EXERCISE DATA:
>>

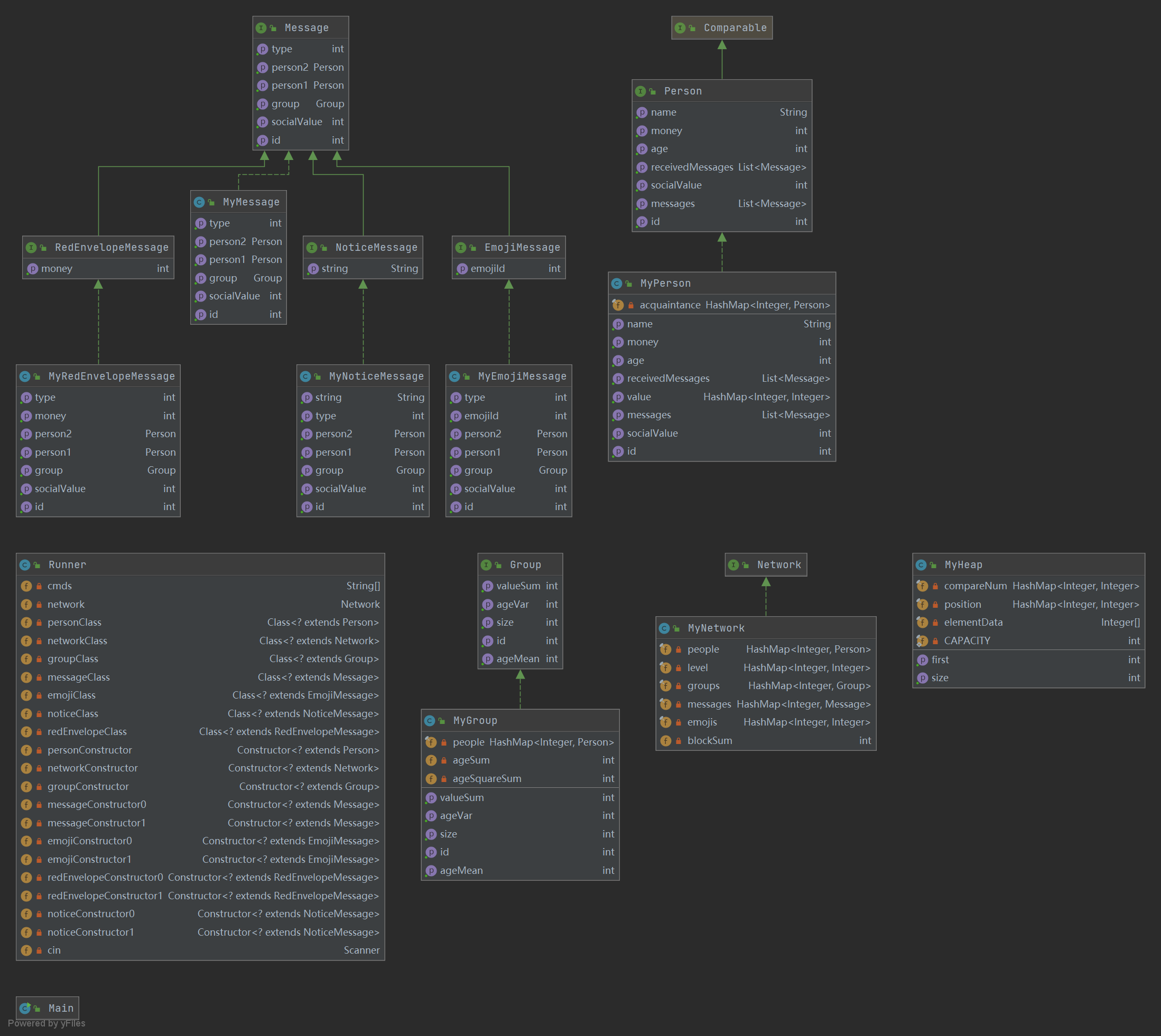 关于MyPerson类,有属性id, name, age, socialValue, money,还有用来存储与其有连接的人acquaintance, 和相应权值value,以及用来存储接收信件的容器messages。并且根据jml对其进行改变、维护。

<<
>>

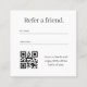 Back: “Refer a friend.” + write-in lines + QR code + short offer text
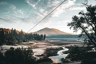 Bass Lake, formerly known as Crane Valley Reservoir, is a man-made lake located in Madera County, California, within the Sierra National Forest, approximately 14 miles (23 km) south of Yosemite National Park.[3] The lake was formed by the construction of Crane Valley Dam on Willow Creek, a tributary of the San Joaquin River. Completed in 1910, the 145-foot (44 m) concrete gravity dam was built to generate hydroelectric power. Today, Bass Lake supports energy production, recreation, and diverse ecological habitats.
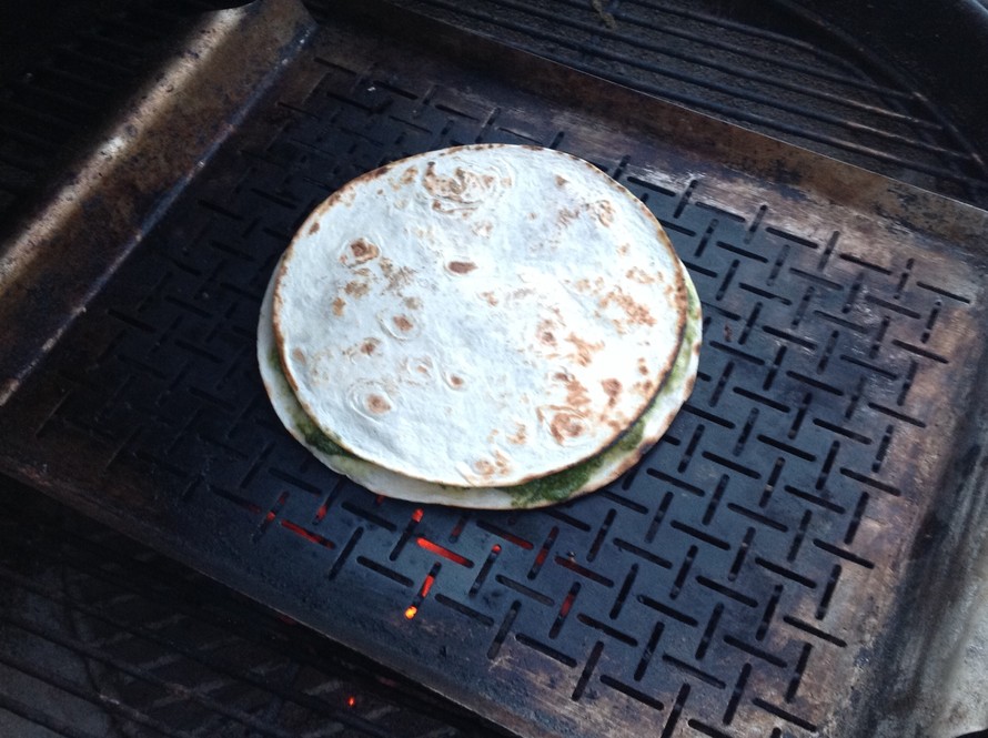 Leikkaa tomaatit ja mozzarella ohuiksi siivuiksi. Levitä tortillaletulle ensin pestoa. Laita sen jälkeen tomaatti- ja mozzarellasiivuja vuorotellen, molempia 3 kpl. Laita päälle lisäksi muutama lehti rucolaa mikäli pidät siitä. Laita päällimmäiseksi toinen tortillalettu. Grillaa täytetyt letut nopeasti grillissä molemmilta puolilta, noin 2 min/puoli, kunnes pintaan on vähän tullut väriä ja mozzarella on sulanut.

<<
>>

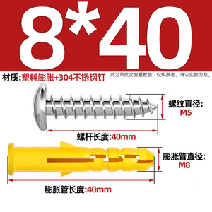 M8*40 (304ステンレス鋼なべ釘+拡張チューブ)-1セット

<<

YOUR OBJECTIVE:
No picture is to be printed. Output exactly the lines above from the line containing "short offer text" through the line containing "Leikkaa tomaatit ja".

RESPONSE TO THIS EXERCISE:
 Back: “Refer a friend.” + write-in lines + QR code + short offer text
 Bass Lake, formerly known as Crane Valley Reservoir, is a man-made lake located in Madera County, California, within the Sierra National Forest, approximately 14 miles (23 km) south of Yosemite National Park.[3] The lake was formed by the construction of Crane Valley Dam on Willow Creek, a tributary of the San Joaquin River. Completed in 1910, the 145-foot (44 m) concrete gravity dam was built to generate hydroelectric power. Today, Bass Lake supports energy production, recreation, and diverse ecological habitats.
 Leikkaa tomaatit ja mozzarella ohuiksi siivuiksi. Levitä tortillaletulle ensin pestoa. Laita sen jälkeen tomaatti- ja mozzarellasiivuja vuorotellen, molempia 3 kpl. Laita päälle lisäksi muutama lehti rucolaa mikäli pidät siitä. Laita päällimmäiseksi toinen tortillalettu. Grillaa täytetyt letut nopeasti grillissä molemmilta puolilta, noin 2 min/puoli, kunnes pintaan on vähän tullut väriä ja mozzarella on sulanut.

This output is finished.